Electric Power news briefs, September 1

Entergy Corp. ... PPG Industries Inc. .... Midwest Energy Cooperative ... Charles River Associates Inc. ... Alger Delta Cooperative Electric Association ... UtiliCorp Networks Canada ... TransAlta Corp. ... Southern California Edison Co. ... Thermo Ecotek ... Buccaneer Gas Pipeline LLC ... Duke Energy Corp. ... Williams ... Wisconsin Public Service Corp. ... Minnesota Power Inc. ... Allete ... Peninsular Gas Co.

Entergy Wholesale Operations, the power development division of Entergy Corp., and PPG Industries Inc. reported they have completed a $242 million nonrecourse financing for their joint power facility in Lake Charles, La. Construction of the 425 Mw combined cycle, natural gas-fired cogeneration plant, which will be owned by RS Cogen LLC and operated by PPG, is planned for September with the facility expected to begin operation in 2002. The plant will provide 250,000 lb/hr of process steam to PPG's adjacent chemical plant and 525,000 lb/hr to be sold to Lyondell Chemical Co. Half the facility's electrical output will supply the PPG plant and the other half will be sold by Entergy's power marketing group on the wholesale market. Entergy Wholesale Operations and PPG each own 50% of RS Cogen.

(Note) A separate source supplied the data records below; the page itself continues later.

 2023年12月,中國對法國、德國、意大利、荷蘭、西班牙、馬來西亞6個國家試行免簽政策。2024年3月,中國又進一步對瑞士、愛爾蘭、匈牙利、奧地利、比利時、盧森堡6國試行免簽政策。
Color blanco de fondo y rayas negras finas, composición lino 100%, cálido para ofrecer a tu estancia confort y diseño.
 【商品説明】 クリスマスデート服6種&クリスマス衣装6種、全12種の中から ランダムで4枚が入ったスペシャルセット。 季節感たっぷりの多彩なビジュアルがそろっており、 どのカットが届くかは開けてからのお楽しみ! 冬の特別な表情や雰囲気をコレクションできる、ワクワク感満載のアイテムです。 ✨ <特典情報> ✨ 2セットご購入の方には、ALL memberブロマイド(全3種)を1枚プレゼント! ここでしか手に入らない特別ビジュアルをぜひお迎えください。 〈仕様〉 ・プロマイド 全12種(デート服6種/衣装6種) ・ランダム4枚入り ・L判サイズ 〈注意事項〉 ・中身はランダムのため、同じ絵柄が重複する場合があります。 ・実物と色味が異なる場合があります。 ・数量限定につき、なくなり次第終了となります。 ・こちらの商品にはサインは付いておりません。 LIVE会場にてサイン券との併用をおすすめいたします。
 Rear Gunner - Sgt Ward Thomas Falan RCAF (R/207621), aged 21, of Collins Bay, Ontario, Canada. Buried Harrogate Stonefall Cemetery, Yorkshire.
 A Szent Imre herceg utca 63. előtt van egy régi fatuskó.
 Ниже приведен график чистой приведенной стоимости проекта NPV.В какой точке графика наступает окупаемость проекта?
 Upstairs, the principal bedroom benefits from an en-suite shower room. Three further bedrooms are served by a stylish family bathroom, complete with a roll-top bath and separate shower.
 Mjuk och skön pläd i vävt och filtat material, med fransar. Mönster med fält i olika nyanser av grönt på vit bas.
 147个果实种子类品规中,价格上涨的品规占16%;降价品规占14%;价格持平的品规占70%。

The Michigan Public Service Commission has approved a settlement agreement, granting Midwest Energy Cooperative authority to refund $919,706 to its monthly member-customers in its Fruit Belt division on their November and December 2000 electric bills and $8,322 to its Fruit Belt division seasonal member-customers on their September 2000 electric bills. Midwest's irrigation customers in its Fruit Belt division will see a surcharge of $11,316 on their December 2000 electric bills. The commission approved the refunds and the surcharge because Midwest overcollected or undercollected from its respective electric customers for their Jan. 1-Dec. 31, 1999 power supply costs.

Charles River Associates Inc. (CRA) reported after 70 rounds of bidding with five winning bidders submitting bids totaling more than $1 billion (Can.) the Alberta auction of power purchase agreements (PPA) was successfully concluded. Winning bidders purchased the rights to market and sell electricity generated in Alberta from generating units representing more than 4,200 Mw for periods ranging from a few years to 20 years, depending on the facility. CRA was responsible for marketing both the PPAs and the auction.

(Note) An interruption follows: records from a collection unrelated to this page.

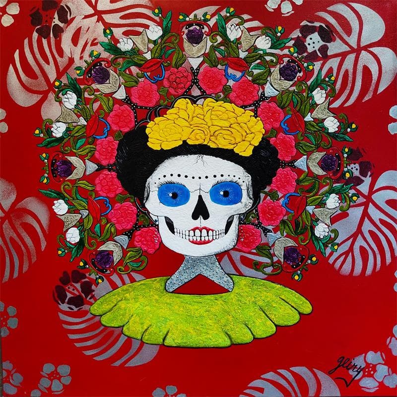 This unique and original contemporary artwork "FRIDA ROJA" on the subject of Portrait has been created by the contemporary artist Geiry.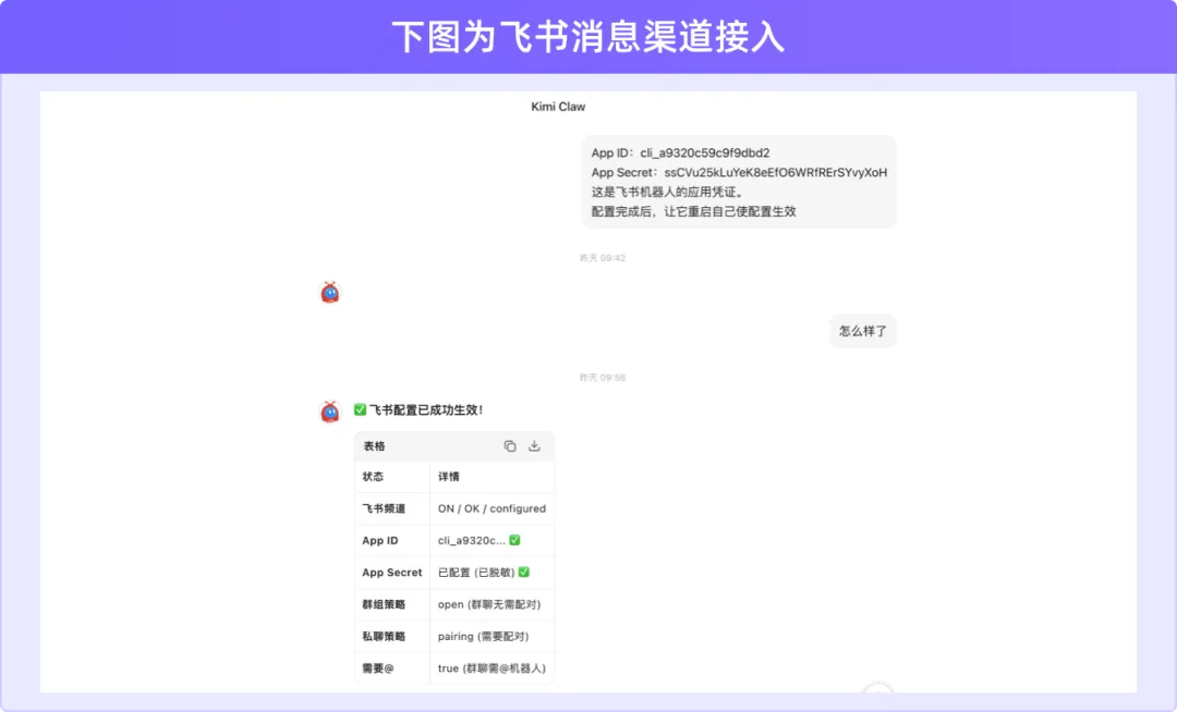 KimiClaw上提问:如何接入飞书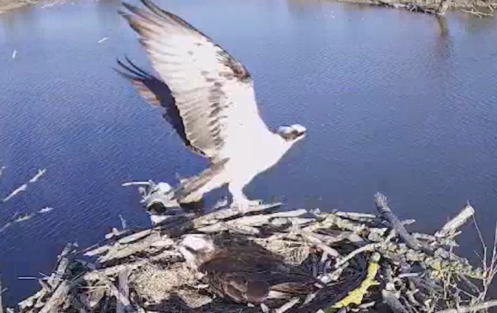 Man visarend vangt een prooi op video! De duikvlucht is goed te zien en er hangt duidelijk gewicht aan zijn klauwen. Een succesvolle jacht.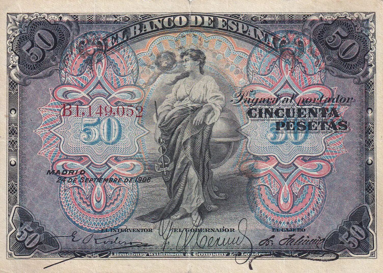 Home > World Banknotes > European Banknotes > Spain > Spain 50 Pesetas - Woman seated - Arms - 1906 - P.58a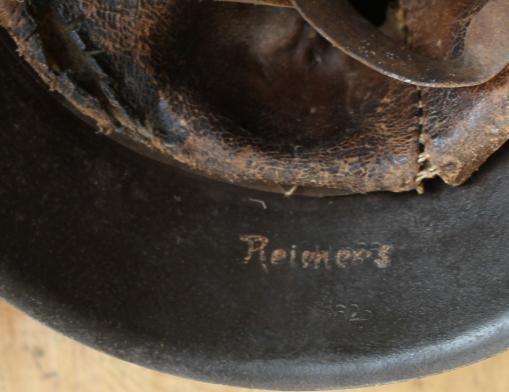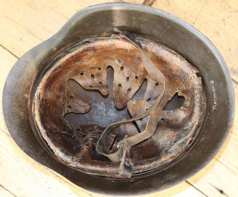Liner leather good, full length chinstrap.Owners name in Gothic script to rear apron "Reimer".

The Alger Delta Cooperative Electric Association received authorization from the Michigan Public Service Commission to increase its rates for its electric customers by $156,335 annually, an average increase of about 3.11%. The commission said it approved the rate increase because Alger Delta's currently approved rates would result in a revenue insufficiency for the company based on 1999 data. Alger Delta's new rates will take effect in September 2000.

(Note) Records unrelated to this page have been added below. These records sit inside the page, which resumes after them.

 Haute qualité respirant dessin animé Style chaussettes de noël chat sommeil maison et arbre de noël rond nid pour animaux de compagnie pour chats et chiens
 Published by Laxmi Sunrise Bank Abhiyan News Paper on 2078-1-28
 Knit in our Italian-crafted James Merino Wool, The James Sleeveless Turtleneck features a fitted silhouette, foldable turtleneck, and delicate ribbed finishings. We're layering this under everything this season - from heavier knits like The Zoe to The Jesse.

UtiliCorp Networks Canada, a unit of US-based UtiliCorp United Inc., reported it has completed the purchase of TransAlta Corp.'s Alberta electricity distribution and retail businesses for about $450 million ($700 million Can.) The purchase was announced in February and involves 350,000 retail customers, the management and operation of 90,000 km of low-voltage power distribution lines, and a 24-hour customer call center in Calgary.

Southern California Edison Co., a unit of Edison International, and Thermo Ecotek, a unit of Thermo Electron Corp., Waltham, Mass., have reached an agreement under which SCE will lease and return to full operation a 120 Mw gas-fired power plant that is currently idle, the companies reported. Formerly known as the Highgrove generation station, the plant was sold by SCE in 1998 to Thermo Ecotek, a as part of California's restructuring of the electric utility industry. Riverside Canal Power Co., a Thermo Ecotek subsidiary, operates the plant. Under the agreement, SCE will operate and maintain the plant and bid generated power into the state electricity market through Oct. 31, 2000. SCE has an option to extend the lease on a month-to-month basis until the end of the year. Additionally, SCE has the option to lease and operate the plant from June 1, 2001-Oct. 31, 2001.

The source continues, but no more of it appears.